/---

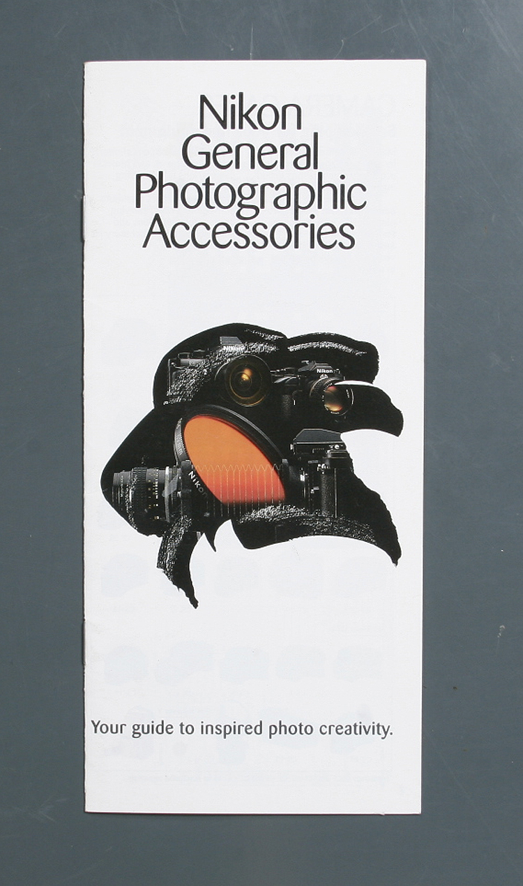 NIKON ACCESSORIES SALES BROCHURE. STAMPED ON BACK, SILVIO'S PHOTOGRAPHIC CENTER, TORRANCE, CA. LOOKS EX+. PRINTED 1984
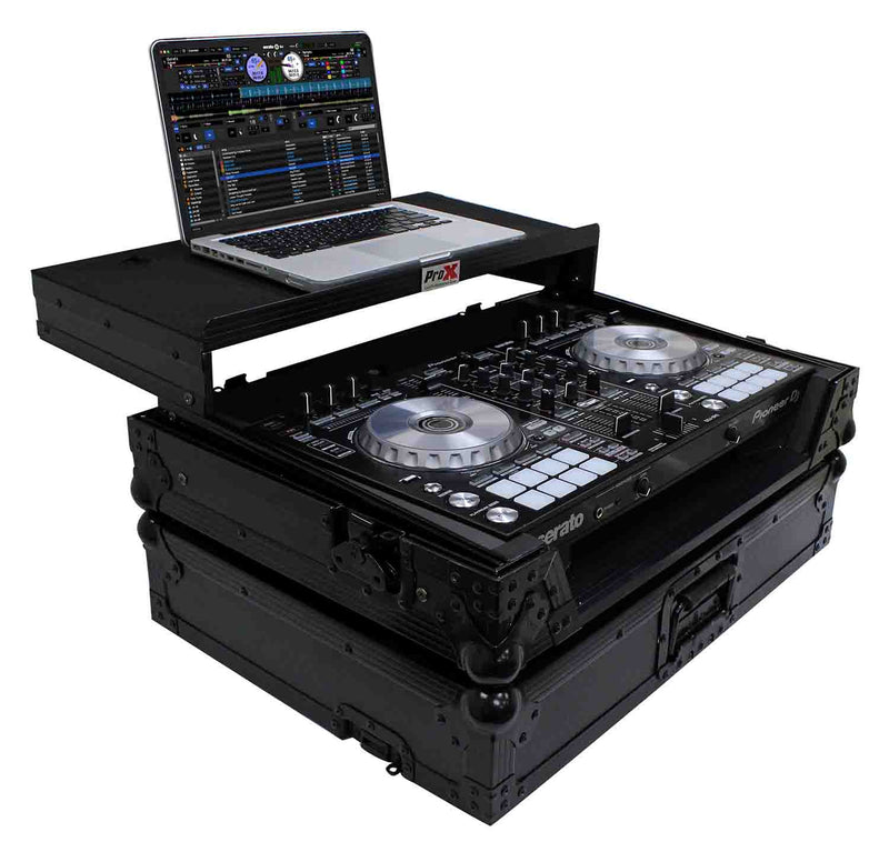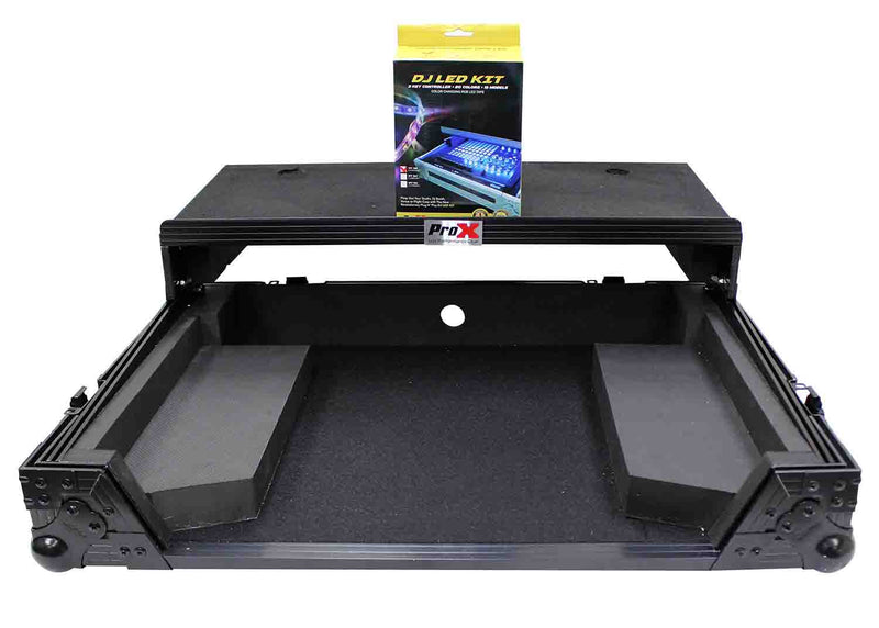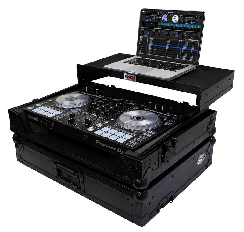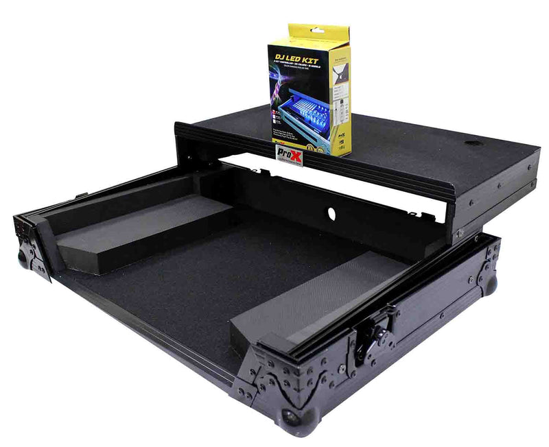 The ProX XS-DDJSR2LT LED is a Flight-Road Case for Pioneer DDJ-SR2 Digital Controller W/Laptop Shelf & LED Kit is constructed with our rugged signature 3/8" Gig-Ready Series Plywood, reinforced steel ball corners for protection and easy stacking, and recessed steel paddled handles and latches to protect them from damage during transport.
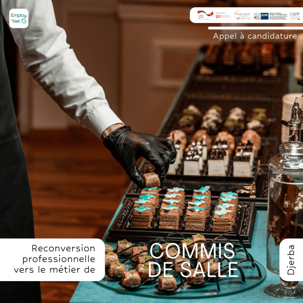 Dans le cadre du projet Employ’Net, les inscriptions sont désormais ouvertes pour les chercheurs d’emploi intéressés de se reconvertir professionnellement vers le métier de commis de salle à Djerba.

\---

- ACTIVITY: Please retype the listing above word for word, skipping each picture.

- SOLUTION FOR THIS EXERCISE:
 NIKON ACCESSORIES SALES BROCHURE. STAMPED ON BACK, SILVIO'S PHOTOGRAPHIC CENTER, TORRANCE, CA. LOOKS EX+. PRINTED 1984
 The ProX XS-DDJSR2LT LED is a Flight-Road Case for Pioneer DDJ-SR2 Digital Controller W/Laptop Shelf & LED Kit is constructed with our rugged signature 3/8" Gig-Ready Series Plywood, reinforced steel ball corners for protection and easy stacking, and recessed steel paddled handles and latches to protect them from damage during transport.
 Dans le cadre du projet Employ’Net, les inscriptions sont désormais ouvertes pour les chercheurs d’emploi intéressés de se reconvertir professionnellement vers le métier de commis de salle à Djerba.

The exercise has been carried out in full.